- _WORKING DATA_
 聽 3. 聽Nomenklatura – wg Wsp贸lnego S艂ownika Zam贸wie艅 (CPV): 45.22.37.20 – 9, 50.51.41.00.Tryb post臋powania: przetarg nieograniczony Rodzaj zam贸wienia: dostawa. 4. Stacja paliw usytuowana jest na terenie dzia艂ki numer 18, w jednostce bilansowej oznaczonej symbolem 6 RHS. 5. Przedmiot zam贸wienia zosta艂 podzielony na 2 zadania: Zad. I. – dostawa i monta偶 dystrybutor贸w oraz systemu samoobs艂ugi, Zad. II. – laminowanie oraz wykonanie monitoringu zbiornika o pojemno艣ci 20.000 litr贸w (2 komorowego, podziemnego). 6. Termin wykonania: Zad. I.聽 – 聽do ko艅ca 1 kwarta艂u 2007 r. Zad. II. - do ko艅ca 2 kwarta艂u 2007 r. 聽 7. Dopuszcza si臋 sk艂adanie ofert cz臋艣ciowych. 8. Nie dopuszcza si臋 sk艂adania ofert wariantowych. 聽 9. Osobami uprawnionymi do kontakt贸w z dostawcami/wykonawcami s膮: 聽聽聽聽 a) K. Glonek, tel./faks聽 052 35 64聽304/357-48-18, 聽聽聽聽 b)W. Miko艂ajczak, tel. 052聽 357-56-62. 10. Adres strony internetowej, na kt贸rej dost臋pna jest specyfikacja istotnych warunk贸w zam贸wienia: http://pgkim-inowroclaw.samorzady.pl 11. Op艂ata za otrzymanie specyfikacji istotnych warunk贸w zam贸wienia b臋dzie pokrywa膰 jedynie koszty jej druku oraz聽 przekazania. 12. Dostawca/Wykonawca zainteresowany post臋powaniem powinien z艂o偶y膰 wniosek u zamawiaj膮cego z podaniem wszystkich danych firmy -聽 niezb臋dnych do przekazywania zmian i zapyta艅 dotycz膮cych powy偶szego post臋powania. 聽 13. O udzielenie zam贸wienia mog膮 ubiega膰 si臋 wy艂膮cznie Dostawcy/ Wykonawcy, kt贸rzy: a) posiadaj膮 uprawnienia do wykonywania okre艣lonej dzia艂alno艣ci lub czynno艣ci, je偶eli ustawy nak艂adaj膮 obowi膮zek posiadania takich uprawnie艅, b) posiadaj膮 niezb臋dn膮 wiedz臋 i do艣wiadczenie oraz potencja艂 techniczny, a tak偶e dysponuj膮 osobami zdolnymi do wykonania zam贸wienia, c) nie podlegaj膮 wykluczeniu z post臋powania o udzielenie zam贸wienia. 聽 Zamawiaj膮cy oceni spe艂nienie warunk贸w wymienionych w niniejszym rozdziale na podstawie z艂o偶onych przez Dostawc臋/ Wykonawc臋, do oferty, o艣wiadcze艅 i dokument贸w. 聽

--

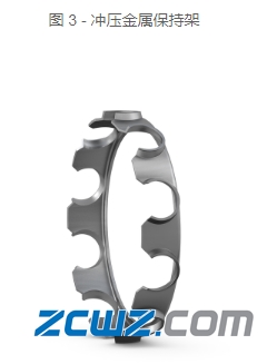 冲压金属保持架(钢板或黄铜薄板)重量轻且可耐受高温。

---

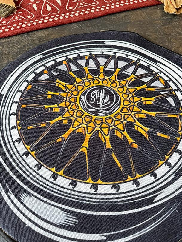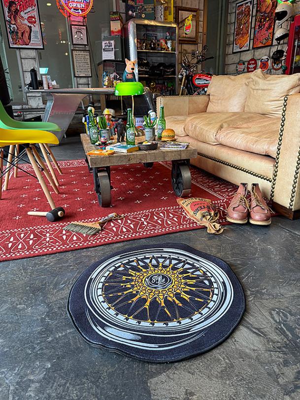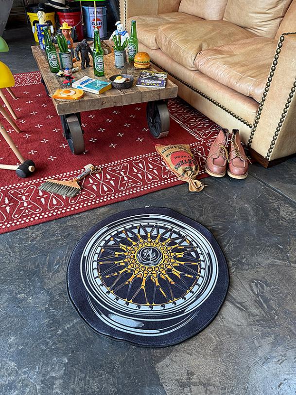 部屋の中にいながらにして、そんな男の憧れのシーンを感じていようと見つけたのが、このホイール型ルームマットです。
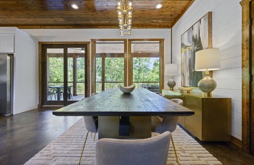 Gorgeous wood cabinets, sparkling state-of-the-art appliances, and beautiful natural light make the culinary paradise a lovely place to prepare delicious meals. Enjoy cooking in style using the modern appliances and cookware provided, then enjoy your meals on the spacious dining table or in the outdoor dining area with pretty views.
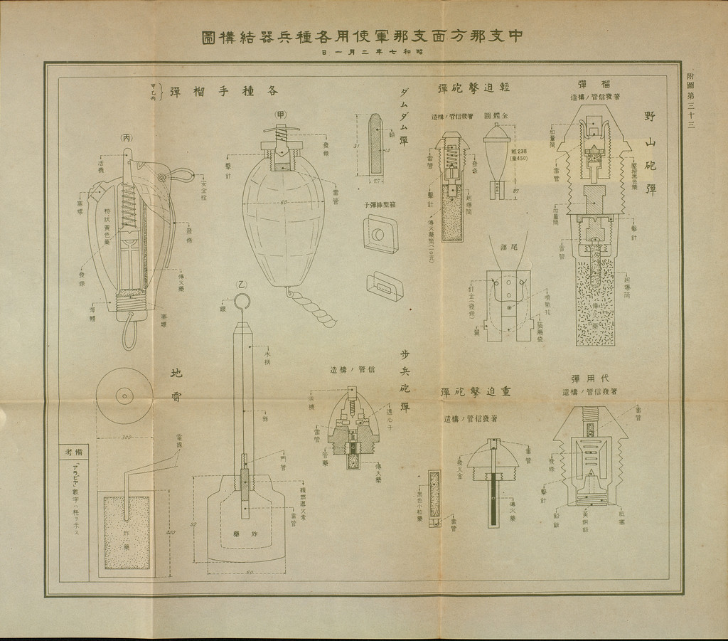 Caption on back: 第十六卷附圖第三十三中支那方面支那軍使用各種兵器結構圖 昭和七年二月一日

- _WHAT THIS TASK INVOLVES_
Precisely those lines above that run from the line with "Gorgeous wood cabinets, sparkling" up to and including the line with "Caption on back: 第十六卷附圖第三十三中支那方面支那軍使用各種兵器結構圖" are to be set down, with the pictures omitted.

- _YOUR SOLUTION_
 Gorgeous wood cabinets, sparkling state-of-the-art appliances, and beautiful natural light make the culinary paradise a lovely place to prepare delicious meals. Enjoy cooking in style using the modern appliances and cookware provided, then enjoy your meals on the spacious dining table or in the outdoor dining area with pretty views.
 Caption on back: 第十六卷附圖第三十三中支那方面支那軍使用各種兵器結構圖 昭和七年二月一日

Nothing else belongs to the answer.